Lisa Brokop is the self-titled third studio album by Canadian country music artist Lisa Brokop. It was released on February 20, 1996, by Capitol Nashville. "She Can't Save Him," "Before He Kissed Me" and "West of Crazy" were all released as singles. Reba McEntire and Trisha Yearwood covered "She Can't Save Him" on McEntire's 2007 album Reba: Duets.

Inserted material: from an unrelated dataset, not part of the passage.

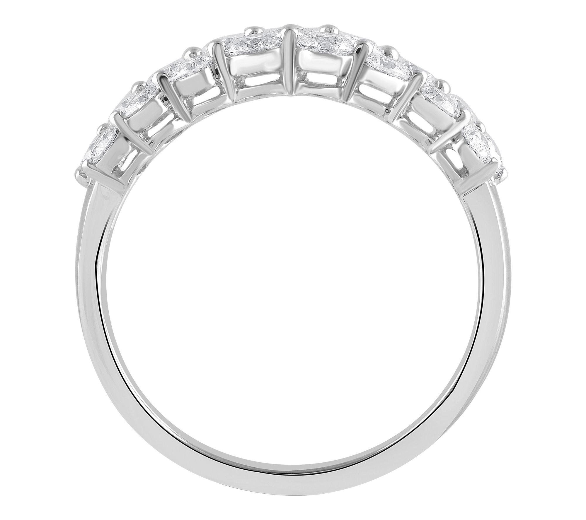 • Wide band; round-cut, prong-set lab-grown diamonds; polished finish
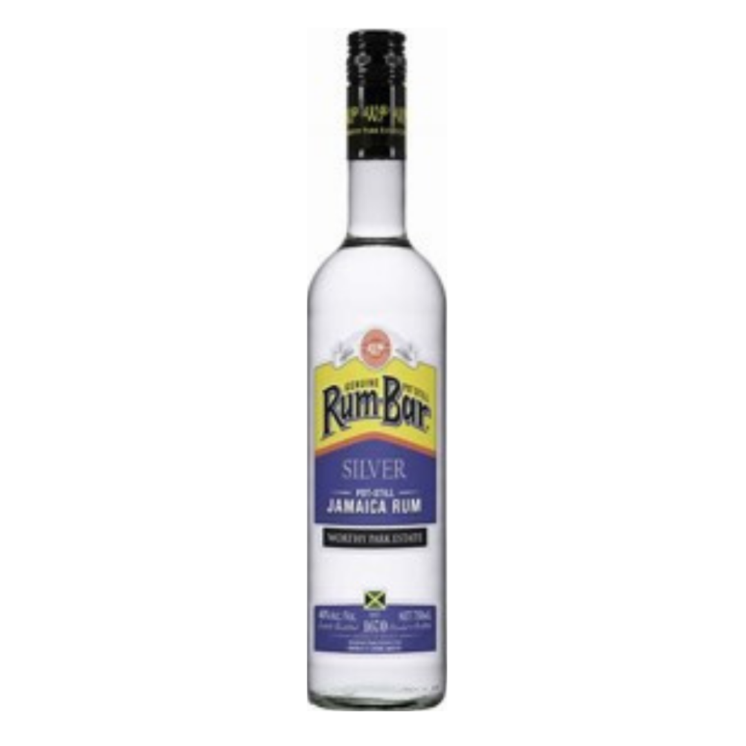 Rum-Bar Silver 700ml is a premium Jamaican white rum distilled 100% in pot stills at Worthy Park. It offers rich tropical aromas with dominant banana and subtle citrus notes. The unaged rum is smooth, fruity, and buttery, making it ideal for cocktails or mixing in classic drinks.

Tracks 1, 3, 7, 8, and 10 were produced by Jerry Crutchfield, while tracks 2, 4, 5, 6, and 9 were produced by Josh Leo.

==Track listing==
1. "Language of Love" (Bobby Carmichael, Kostas) - 3:16
2. "Before He Kissed Me" (Liz Hengber, Mark Irwin) - 2:21
3. "She Can't Save Him" (Hengber, Bob Regan) - 3:01
4. "I Know a Heartache When I See One" (Charlie Black, Rory Michael Bourke, Kerry Chater) - 3:45
5. "Now That We're Not a Family" (Phil Dillon) - 4:25
6. "West of Crazy" (Gary Burr, Vince Melamed) - 3:32
7. "I Know Too Much" (Suzi Ragsdale, Verlon Thompson) - 3:28
8. "At the End of the Day" (Billy Kirsch, Steve Wariner) - 3:35
9. "That Summer" (Phil Barnhart, Sam Hogin, Sunny Russ) - 3:14
10. "From the Heart" (Lisa Brokop, Tom McKillip) - 3:13

==Personnel==
===Tracks 1, 3, 7, 8, 10===

- Eddie Bayers – drums
- Stephanie Bentley – background vocals
- Lisa Brokop – lead vocals, background vocals
- Gary Burr – background vocals
- Mark Casstevens – acoustic guitar
- Martin Crutchfield – acoustic guitar, electric guitar
- Paul Franklin – steel guitar
- Sonny Garrish – steel guitar
- Sarah Hooker – background vocals
- Dann Huff – electric guitar
- David Hungate – bass guitar
- Steve Gibson – acoustic guitar
- Jim Horn – saxophone
- Mitch Humphrey – keyboards
- Carl Marsh – keyboards
- Steve Nathan – piano
- Brent Rowan – electric guitar
- Steve Wariner – electric guitar, background vocals
- Willie Weeks – bass guitar
- Reggie Young – electric guitar

Keyboard and string arrangements on "At the End of the Day" by Carl Marsh.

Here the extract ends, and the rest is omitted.